Our first approach is called the continuous-time optimization dynamics approach. Rather than considering the Lagrange dual alone, this approach studies the primal and dual problems together at the same time. By viewing primal and dual variables of an optimization problem as opponents playing a min-max game, the evolution of the optimization dynamical system can be interpreted as a competition between two players. This competition will not stop until those players achieve a balance, which turns out to be an equilibrium to the optimization dynamics and is mathematically characterized as a Karush-Kuhn-Tucker (KKT) point.
A convergence analysis is then developed in this dissertation, showing that under certain conditions a KKT equilibrium of the associated optimization dynamics is locally asymptotically stable. However, after the optimization dynamics converges to a KKT equilibrium, we have to further check whether or not the obtained KKT point is globally optimal, since KKT conditions are only necessary for the local optimality of non-convex problems. It motivates us to investigate under what conditions a KKT point can be guaranteed as a global optimum.

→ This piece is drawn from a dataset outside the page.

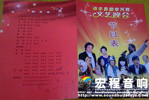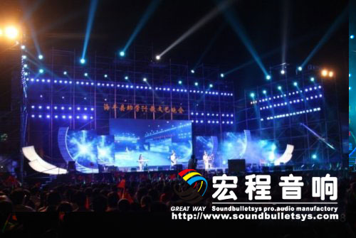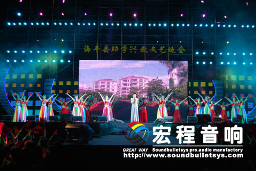 本次海丰县助学兴教文艺晚会现场扩声系统采用了广州宏程音响声必力线性扩声系统。

Then in the dissertation we derive a global optimality condition for general quadratically constrained quadratic programmings (QCQPs). If an isolated KKT point of a general QCQP satisfies our condition, then it is locally asymptotically stable with respect to the optimization dynamics. We next apply the optimization dynamics approach to a special class of non-convex QCQPs, namely, the OPF problems. We discover that their associated optimization dynamical systems possess an intrinsic distributed structure. Simulations are also provided to show the effectiveness of our continuous-time optimization dynamics approach.
Alternatively, we also propose a consensus-based, decomposed SDP relaxation approach to solve OPF problems. Here we continue to exploit the distributed structure of power networks, which finally enables us to decompose the standard SDP relaxation into a bunch of smaller size SDPs. Then each bus in the power network should locally solve its own decomposed SDP relaxation and meanwhile a global OPF solution can be achieved by running a consensus over the whole power network. Hence this approach can be implemented in a distributed manner. We show that the size of our decomposed SDP relaxation scales linearly as the power network expands, so it can greatly fasten the OPF computation speed.